### What you are asked to do
Copy the first line of the entries below and every line after it through the line containing "Fogolyszínű magyar tyúk (Gödöllő, 2005)". Do not include pictures.

### Entries taken from a collection

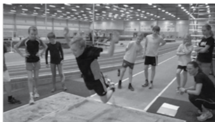
Test – stående längd...oooheeej!
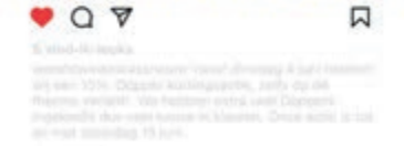
Het account van Wereldwinkel Castricum op Instagram.
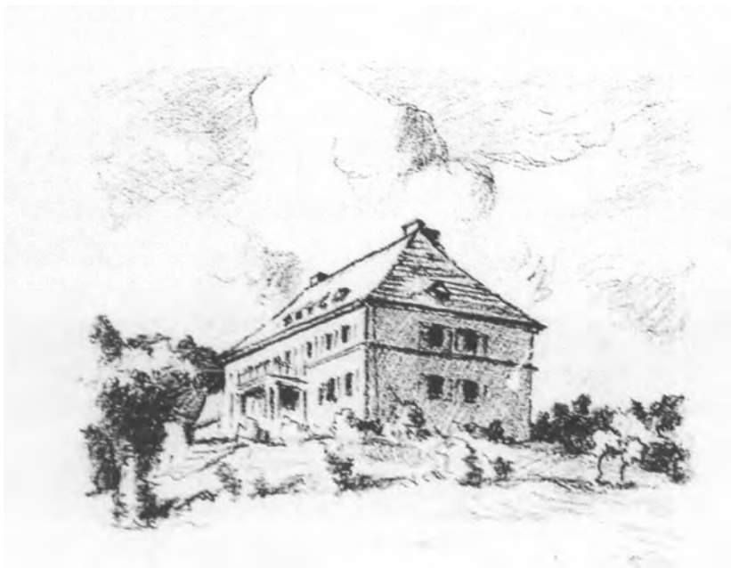
Rudolf Muchow, Pałac w Lejkowie, litografia, 1924

Wieś została zajęta przez Rosjan 2 marca 1945 roku. Niemcy zostali wysiedleni głównie w 1946 roku.
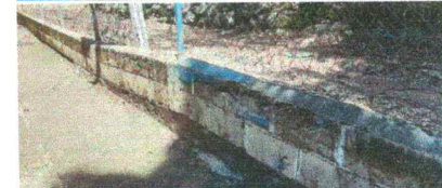
Foto 6: Reparación de muro perimetral de blok con tubo hg y malla galvanizada, soleras intermedias y columnas.

Observación: Si es necesario se pueden agregar hojas adicionales y actualizar el número de hojas.
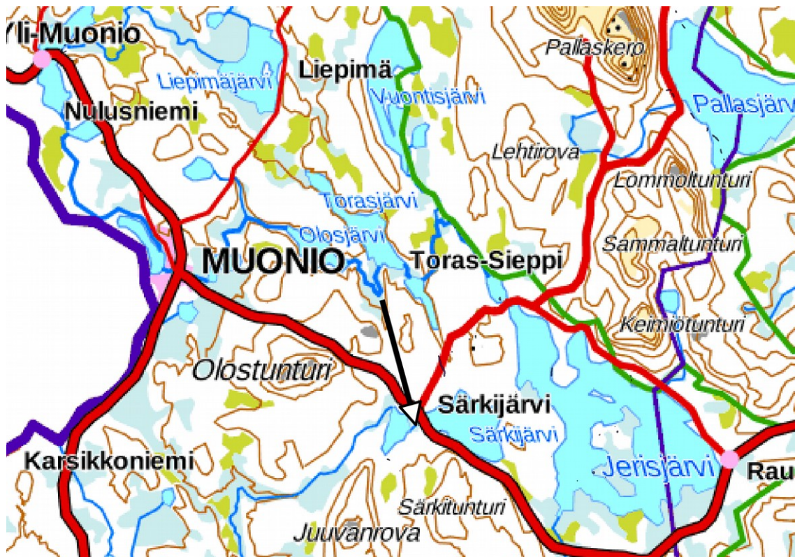
Kartta 1. Inventointialueen sijainti osoitetaan kartassa nuolella. Maanmittauslaitoksen maastokarttarasteri 1: 500 000, 8/2016.
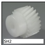
SH2 Ingranaggio elicoidale ad assi paralleli, Plastica lavorata (delrin)
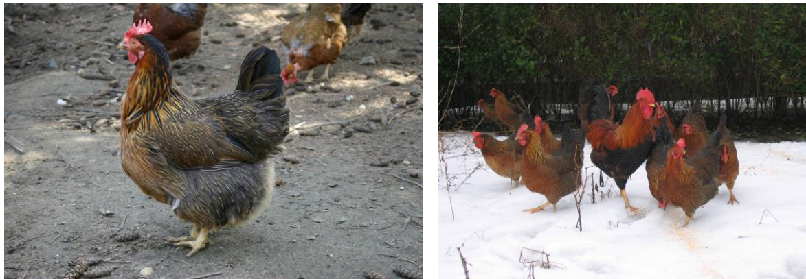
Fogolyszínű magyar tyúk (Gödöllő, 2005)

A tojó alapszíne az egész testre kiterjedően barna, hasonlít a fogoly színéhez. Finom rajzú tollazata a mellen vöröses, a nyakon, vállon és háton (a nyeregtollakon) sárgás, a test hátsó részén és a hason szürkés árnyalatú. A fark és a szárny evezőtollai feketék vagy sötétbarnák. A nyaktollakon fekete, keskeny csíkok láthatók, úgyszintén a mell-, hát- és szárnytollakon is keskeny, barna sávokból álló a toll körvonalához hasonló rajz található (rajzolt toll). A kakas nyak- és nyeregtollazata arany-sárga, piros árnyalattal. A nyak- és nyeregtollak hosszában vékony, fekete csík látható. A fej tollazata narancsvörös, a nyereg, a váll és a hát felső része barnáspiros, a mell, a has és a combok fedőtollai pedig feketék. A kakas sarlófaroktollai szintén feketék, zölden zománcolt árnyalattal. Csibéik pelyhezete közép-barna, világosabb tarkázottsággal élénkített, vadmadárszerű színeződésű. Tojásaik színe a többi magyar tyúkfajtaéhoz hasonlóan világosbarna vagy barna.

### Exercise response
Test – stående längd...oooheeej!
Het account van Wereldwinkel Castricum op Instagram.
Rudolf Muchow, Pałac w Lejkowie, litografia, 1924

Wieś została zajęta przez Rosjan 2 marca 1945 roku. Niemcy zostali wysiedleni głównie w 1946 roku.
Foto 6: Reparación de muro perimetral de blok con tubo hg y malla galvanizada, soleras intermedias y columnas.

Observación: Si es necesario se pueden agregar hojas adicionales y actualizar el número de hojas.
Kartta 1. Inventointialueen sijainti osoitetaan kartassa nuolella. Maanmittauslaitoksen maastokarttarasteri 1: 500 000, 8/2016.
SH2 Ingranaggio elicoidale ad assi paralleli, Plastica lavorata (delrin)
Fogolyszínű magyar tyúk (Gödöllő, 2005)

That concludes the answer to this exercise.